TASK GOAL:
Reproduce every line of the material below, but drop the pictures.

RAW DATA:
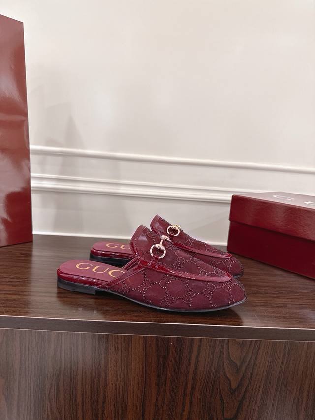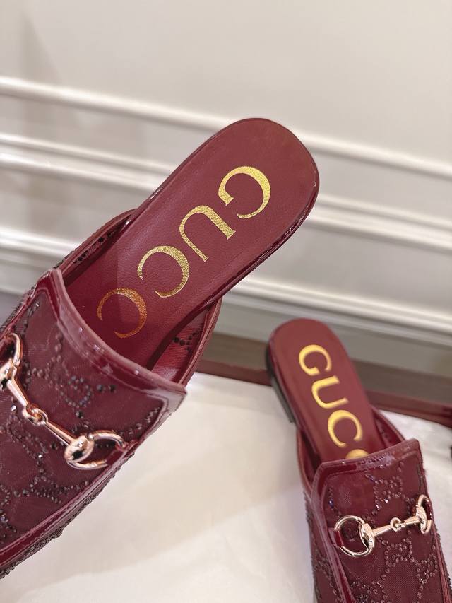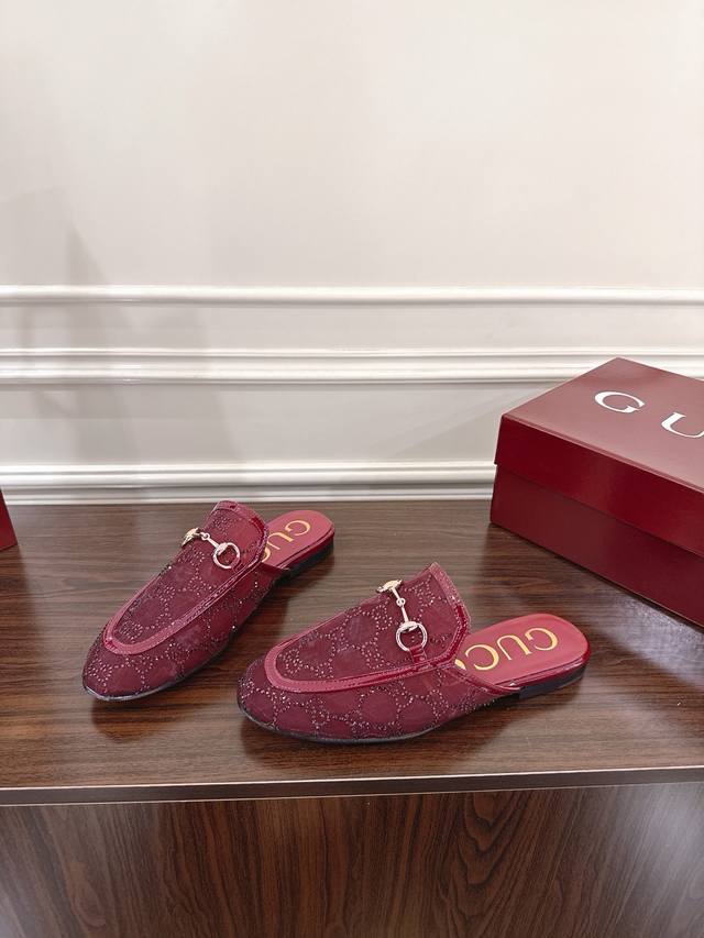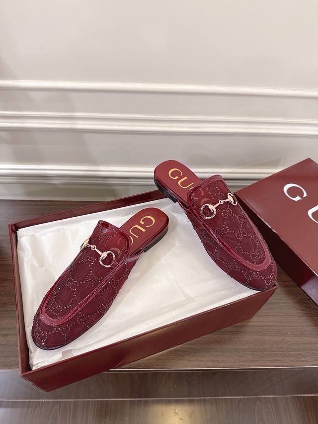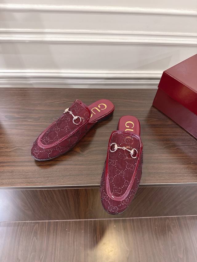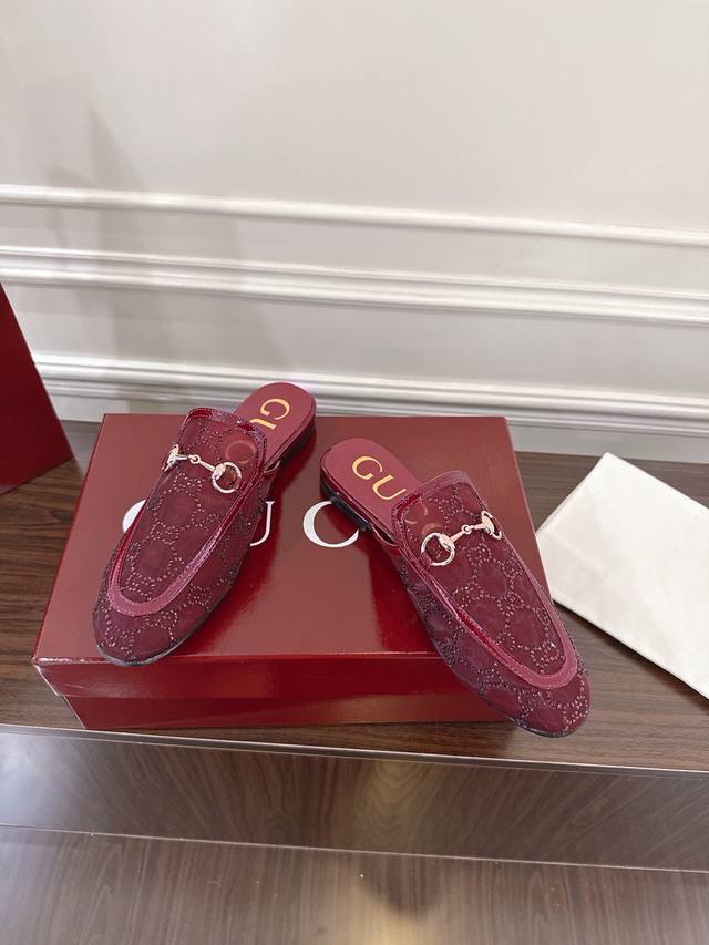 Princetown Series Women's Mesh Crystal Rhinestone Mules. The Princetown series mules feature the brand's classic mesh crystal rhinestones, paired with the iconic gold horsebit buckle for a stunning effect.
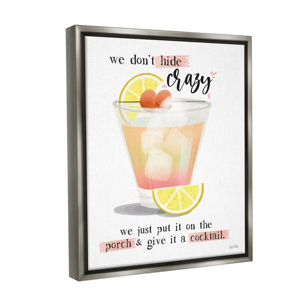 Elevate your home or office to the next level with Stupell Framed Floating Canvas Wall Art. Our premium hand-stretched canvas is mounted securely into a sturdy lightweight frame. The museum-style gap between the wrapped canvas and the box frame gives the illusion of floating artwork. Stupell Wall Art is made in the USA.Features: Dimensions: 17 x 1.7 x 21 Frame, 16 x 1.5 x 20 Canvas ArtFloating Frame Canvas Products are available in sizes 17"x21" and 25"x31". All Floating Frame Canvas Products have a 1.7" Depth.Wall Art is Ready to Hang with Hardware Free Hanging. No Installation required. For Easy Set Up Lean or Layer Artwork on Shelf or Against Wall. Artwork is Permently Fixed into the Frame.Our elevated 1.7" Thick Floating Frame is the perfect complement to our canvas style Wall Art. We use only the highest quality inks in house with industry leading printing solutions. Canvas is hand stretched over a durable wood foundation and then mounted securly into a Modern Box Frame. Made in the USA.Artwork Relates To: Beverage, Bar, Citrus, Fruit, Grapefruit, Alcohol, Cocktail, Mojito, Margarita, We Don't Hide Crazy we Just Put it on the Porch & Give it a CocktailDesign by House Fenway
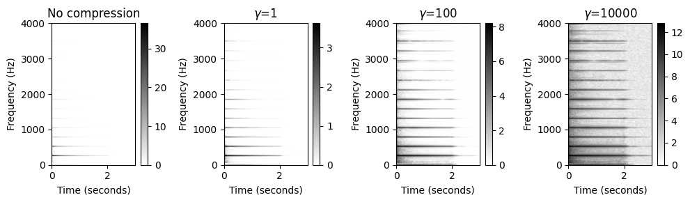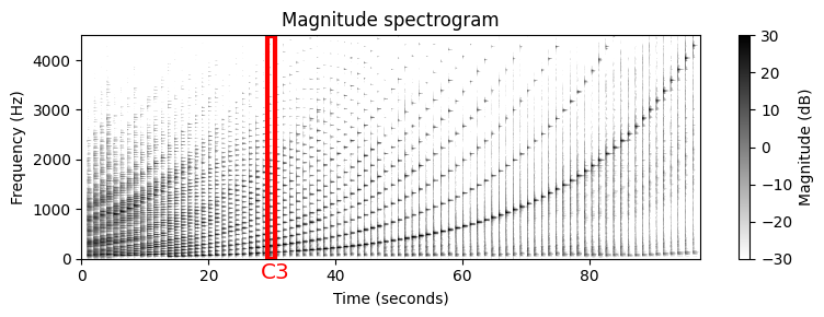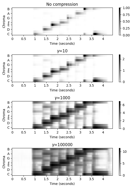 예를 들어 피아노 연주 반음계(chromatic scale)를 고려해보자. 결과의 스펙트로그램은 연주된 음의 피치에 대한 기본 주파수(fundamental frequency)의 기하급수적 종속성(exponential dependency)을 나타낸다. 또한 화음과 음의 온셋(onset) 위치(수직 구조)가 명확하게 표시된다.

EXERCISE RESPONSE:
 Princetown Series Women's Mesh Crystal Rhinestone Mules. The Princetown series mules feature the brand's classic mesh crystal rhinestones, paired with the iconic gold horsebit buckle for a stunning effect.
 Elevate your home or office to the next level with Stupell Framed Floating Canvas Wall Art. Our premium hand-stretched canvas is mounted securely into a sturdy lightweight frame. The museum-style gap between the wrapped canvas and the box frame gives the illusion of floating artwork. Stupell Wall Art is made in the USA.Features: Dimensions: 17 x 1.7 x 21 Frame, 16 x 1.5 x 20 Canvas ArtFloating Frame Canvas Products are available in sizes 17"x21" and 25"x31". All Floating Frame Canvas Products have a 1.7" Depth.Wall Art is Ready to Hang with Hardware Free Hanging. No Installation required. For Easy Set Up Lean or Layer Artwork on Shelf or Against Wall. Artwork is Permently Fixed into the Frame.Our elevated 1.7" Thick Floating Frame is the perfect complement to our canvas style Wall Art. We use only the highest quality inks in house with industry leading printing solutions. Canvas is hand stretched over a durable wood foundation and then mounted securly into a Modern Box Frame. Made in the USA.Artwork Relates To: Beverage, Bar, Citrus, Fruit, Grapefruit, Alcohol, Cocktail, Mojito, Margarita, We Don't Hide Crazy we Just Put it on the Porch & Give it a CocktailDesign by House Fenway
 예를 들어 피아노 연주 반음계(chromatic scale)를 고려해보자. 결과의 스펙트로그램은 연주된 음의 피치에 대한 기본 주파수(fundamental frequency)의 기하급수적 종속성(exponential dependency)을 나타낸다. 또한 화음과 음의 온셋(onset) 위치(수직 구조)가 명확하게 표시된다.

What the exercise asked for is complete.